Creamy potatoes, sweet leeks, and smoky chorizo combine in this warming, hearty comfort soup for chilly days.
# What You Need:
→ Vegetables
01 - 2 large leeks, cleaned and sliced (white and light green parts only)
02 - 2 medium potatoes, peeled and diced
03 - 1 medium onion, chopped
04 - 2 cloves garlic, minced
→ Meats
05 - 5.3 oz chorizo sausage, sliced or diced
→ Liquids
06 - 4 cups chicken or vegetable stock
→ Dairy
07 - ½ cup heavy cream, optional
→ Oils and Seasonings
08 - 2 tablespoons olive oil
09 - 1 bay leaf
10 - ½ teaspoon smoked paprika
11 - Salt and freshly ground black pepper to taste
→ Garnishes
12 - Chopped fresh parsley
13 - Crusty bread for serving
# Steps:
01 - Heat olive oil in a large pot over medium heat. Add chorizo and cook 3-4 minutes, stirring frequently, until the oil turns red and the sausage begins to crisp. Transfer half the chorizo to a separate plate for garnish.
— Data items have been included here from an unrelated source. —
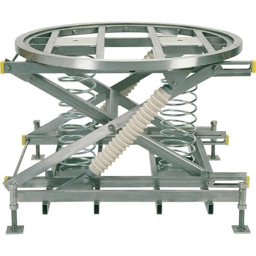 - Speeds loading and unloading of pallets, reduces the danger of fatigue and injury. This lifter is a rugged turntable-equipped platform which lowers and raises the load as weight is applied or removed so that loading/unloading can be done at a convenient height. Reduces time and effort required to load or unload pallets. Load height adjusts automatically, eliminating the needs for controls or operator involvement. Heavy-duty springs are calibrated to bring pallets to the most convenient working height. Built-in fork pockets allow for relocation by fork truck and increase stability. Travel height ranges from 9 1/2" to 28". Designed to handle loads up to 4500 lbs. 43 5/8" diameter rotating ring, 45 1/4" L x 43 5/8" W frame. Available in various spring combinations, in powder coated steel or stainless steel construction.; ; Note: Springs are precisely calibrated and will work properly only within the load weight and height ranges selected. Selection based on higher or lower than actual weight will result in restricted travel capabilities. Should requirements change, lifter can be adapted in the field by simply changing spring combination
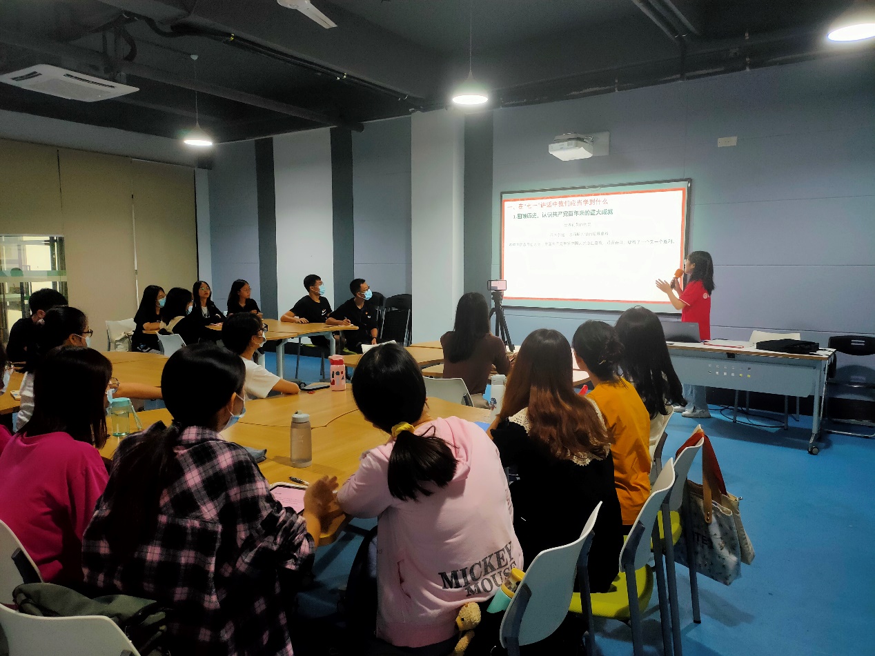 田嘉华同学回顾了历史中农民运动与资产阶级运动的失败,指出中国共产党诞生是历史趋势下的必然。她从老员工视角,运用亲身经历的事例,生动阐明中国共产党带领全国人民在现代化建设中取得的辉煌成就。以史为鉴,展望未来,青年一代必将大有可为,也必将大有作为,期望员工党员们坚定我党第二个百年目标的信心与决心,不忘初心,砥砺前行。
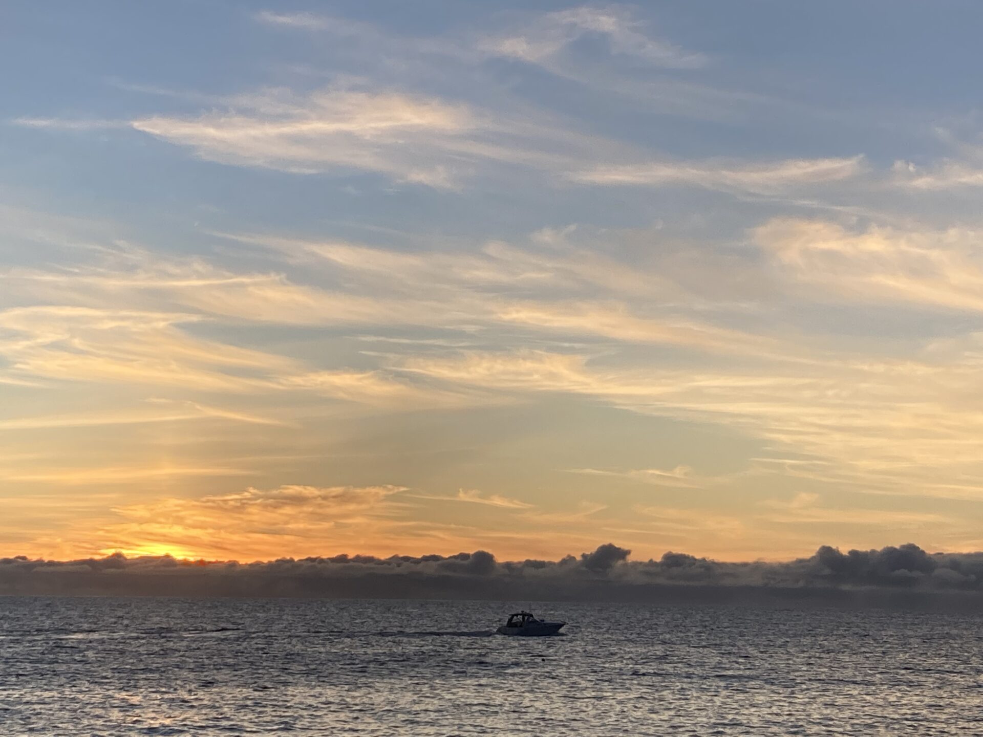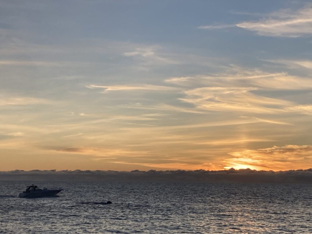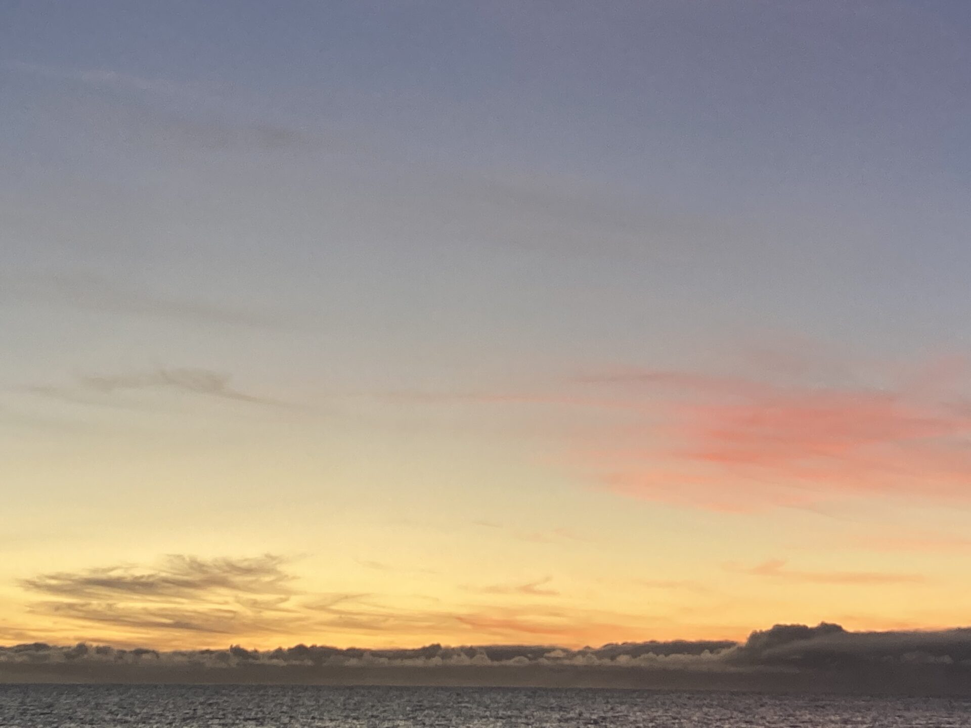 So langsam ging dann aber auch die Sonne unter und alle beobachteten gespannt, wie sich der Himmel und die Wolken verfärbten und der rote Ball im Meer versank. Stets per Video dabei – meine Mum. Sie begleitete mich auch auf meinem steilen Heimweg – 40 Minuten nur bergauf, meist an der Hauptstraße entlang.
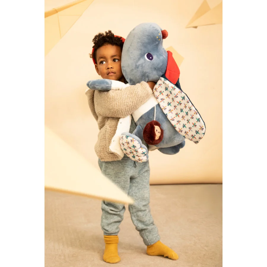Ce chien bleu ciel, un brin maladroit mais plein de tendresse, émerveille par ses textures, ses couleurs apaisantes et ses motifs ludiques. Ses grandes dimensions en font un compagnon rassurant et un bel élément de décoration pour la chambre. Entre doudou, coussin et centre d’activités, Jules incarne à merveille l’esprit doux et aventureux de Lilliputiens.
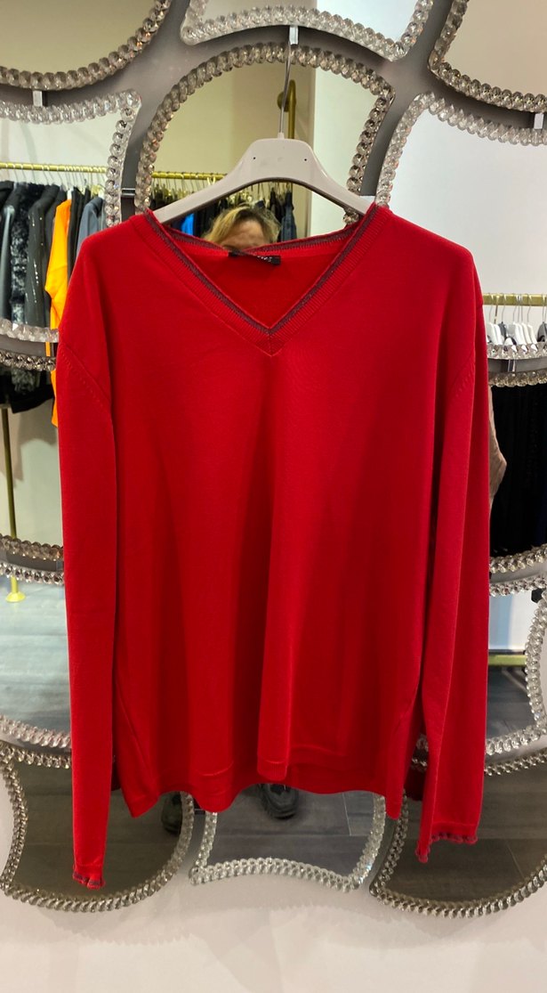 Kırmızı V yaka, uzun kollu ve bol kesim triko kazak. İpek gibi dokusu ve parlak nakış detaylarıyla günlük rahat stil için uygundur.
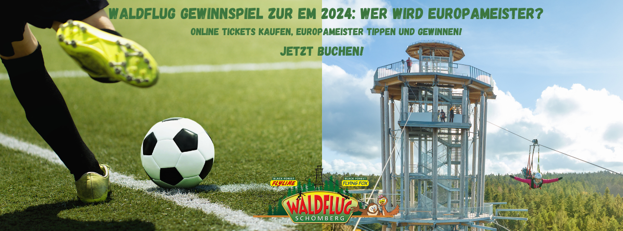 - Ticket kaufen: Kaufe in unserem Onlineshop ein Ticket für eine unserer spannenden Waldflug-Aktivitäten (Flyline oder Flying Fox oder Kombiticket) im Aktionszeitraum vom 14. Juni bis 4. Juli 2024.
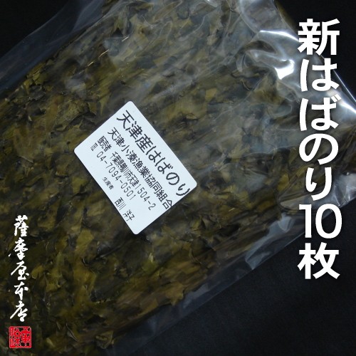 | 名称 | はばのり(新物) | | 内容量 | 10枚入 | | 原材料名 | はばのり | | 原産国 | 日本 | | 原産地 | 千葉 | | 賞味期限 | およそ90日(長期保存の際は要冷凍) | | 保存方法 | 高温多湿、直射日光を避ければ常温保存も出来ますが、変色や風味落ちを防ぐために必ず密封のうえ冷蔵庫または冷凍庫での保存をおすすめします。なお、長期保存の場合は袋ごとアルミホイル等で巻いて遮光し、超低温での冷凍保存をお願いいたします。 | | お召し上がり方 | ゆっくり炙って緑色になったら軽く手で揉んで、熱い雑煮に削り節とともにパラリとかけてお召し上がり下さい。 | | 配送温度帯 | 常温 | | メーカー | 東安房漁協/新勝浦市漁協/鴨川市漁協 | | 販売者 | 株式会社さつま屋 | | 商品説明 | ゆっくりあぶって緑色になったら手でもんで、熱い雑煮に削り節とともにパラリとかけます。昔から漁家を中心に「はば雑煮」がないと正月が迎えられないといわれています。 「はば」は、水温が下がると海苔の成長がよくなり、11月から早春にかけて寒風の中、長さ20cm、幅2cmほどに育ったものを岩から摘んできて、「海苔ず」に広げて風通しのよいところで干し上げる、この地域・この季節の手づくり海苔です。 昔はいくらでもあったこの海の幸も、気候の温暖化や水の汚染、土砂の堆積で年々採れなくなっている貴重な天然の海苔です。 | | 当店のこだわり | 当店のはばのりは、地元・千葉の方々に昔から愛されてきた本場の「はばのり」をお届けしています。「はばのり」とは言っても、そのお値段や品質は様々ありますが、やはり地元千葉の専門店として、当店では漁業協同組合の入札制が敷かれている最高級浜である天津産を中心に「東安房漁協(旧天津小湊漁協)」および「新勝浦市漁協扱」「鴨川市漁協」の3つの漁業協同組合の入札物100%に限定して販売しております。 県内屈指の品質を誇る天津産などと比べて価格的にも非常に割安な「房州産」「南房総産」その他の「県内各産地」など、千葉県内には他にも数々の「はばのり」の生産地がありますが、やはり本場ならではの品質の安定性と漁協入札の信頼性を考え、当店ではこれらの生産地の「はばのり」および一部で流通している通称「浜買い」と呼ばれる漁協入札にかけられていない「はばのり」は一切取り扱いがございませんので、どうぞご安心してお買い求め下さい。 | | ヒネはばとは | 通称ヒネと呼ばれる「はばのり」は、年明け後に春先にかけて摘んだ「春物」のはばのりで、年末の時期まで冷凍保管されて一般的には「新はばのり」に先駆けて販売されるものです。 | | 新はばの発売時期 | 新はばのりについては、毎年12月23日〜25日頃が各漁協入札日となっており、当店には入札当日の夜に入荷され、翌日より出荷を行ってまいります。 | | ヒネはばのり10枚 | H29年9,800円/H28年12,500円/H27年8,900円/H26年6,700円/H25年5,200円/H24年5,200円/H23年4,300円/H22年4,900円/H21年4,500円/H20年4,500円 <過去の税別価格/送料込> | | 新はばのり10枚 | H29年10,900円/H28年12,500円/H27年13,500円/H26年9,200円/H25年8,500円/H24年5,780円/H23年6,980円/H22年5,400円/H21年7,200円/H20年6,200円 <過去の税別価格/送料込> | | 新はばのり30枚 | H29年30,700円/H28年34,500円/H27年取扱なし/H26年26,520円/H25年24,450円/H24年16,290円/H23年19,890円/H22年15,150円/H21年20,550円/H20年17,550円 <過去の税別価格/送料込> | | 新青海苔20枚 | H29年取扱なし/H28年取扱なし/H27年取扱なし/H26年4,100円/H25年4,200円/H24年4,200円/H23年3,980円/H22年3,600円/H21年4,200円/H20年3,950円 <過去の税別価格/送料込> | | 新青海苔100枚 | H29年取扱なし/H28年取扱なし/H27年取扱なし/H26年18,500円/H25年19,000円/H24年19,000円/H23年17,750円/H22年取扱なし/H21年取扱なし/H20年17,750円 <過去の税別価格/送料込> | | 検索キーワード | 新ハバ・はば・はんば・海苔・天津・小湊・鴨川・雑煮・お正月・青海苔・一松・青のり・漁協・おせち・千葉・食べ方・色・緑・黒・房州・房総・新・ヒネ・南白亀・川・ひとつまつハバ・ノリ |

02 - Add chopped onion, sliced leeks, and minced garlic to the pot. Cook gently for 5-7 minutes, stirring occasionally, until vegetables soften and become fragrant.
03 - Stir in diced potatoes, smoked paprika, and bay leaf. Cook for 2 minutes, allowing spices to toast slightly and coat the vegetables.
04 - Pour in stock and bring to a rolling boil. Reduce heat and simmer uncovered for 20 minutes until potatoes are completely tender when pierced with a fork.
05 - Remove bay leaf from the pot. For chunky texture, leave as is. For creamier consistency, use an immersion blender to partially blend the soup, working in short pulses.
06 - Stir in heavy cream if using. Season with salt and freshly ground black pepper to taste. Simmer for 2 additional minutes without boiling.
07 - Ladle soup into bowls and top each portion with reserved chorizo and fresh parsley. Serve immediately with crusty bread on the side.